Mittwoch, 18.11.2009

Zu den wirklich nützlichen Dingen, die man in seinem Auto unbedingt haben sollte, zählen viele Menschen eine KFZ-Halterung für das Handy. Mit solch einer Halterung hat das Mobiltelefon zum einen immer einen festen Platz im Auto und zum anderen ist die Freisprecheinrichtung so viel besser zu bedienen. Dies führt zu weniger Gefahr und so natürlich auch zu weniger Unfällen. Es gibt verschiedene Arten von KFZ-Halterungen. Die günstigen Varianten werden mittels einer Spreizhalterung an der Lüftung befestigt. Auch Halterungen mit einem Saugkopf gibt es für wenig Geld zu kaufen. Kosten intensiver sind da schon Befestigungen, welche fest montiert werden müssen. Hier wackelt nichts und das Handy ist sicher in seiner Halterung.

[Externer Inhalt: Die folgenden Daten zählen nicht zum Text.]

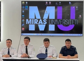 15 сентября 2025 года в университете «Мирас» прошла лекция на тему «Жағымды орта – жарқын болашақ кепілі», организованная Молодежным ресурсным центром совместно с представителями правоохранительных органов.

Wer ein Ladekabel für sein Auto besitzt, kann so bequem sein Handy aufladen. Ebenfalls ein nützliches Utensil sind Displayschutzfolien. Immer mehr Handys verfügen heute über Touchscreen, diese sind so besser geschützt. Ist die Folie nicht mehr ansehnlich, kann man sie einfach abziehen und eine neue Folie aufbringen. Wer geschickt ist und diese Folie ohne Bläschen aufbringen kann, wird optisch nicht erkennen, dass eine Displayschutzfolie nun sein Handy schützt. Gerade bei den teuren Geräten sollte immer eine solche Folie aufgebracht werden. Viele wollen ihr Handy später wieder verkaufen, hat das Display dann unschöne Kratzer wird der Verkäufer weniger Geld dafür bekommen. Wer hier Displayschutzfolien verwendet ist immer auf der sicheren Seite. Dieses Handy kann er dann ohne den kleinsten Kratzer verkaufen. Auf diese Art und Weise bekommt man mehr Geld für sein Gerät und kann dieses in ein neues Gerät investieren. Welches immer mit einer Folie geschützt werden soll.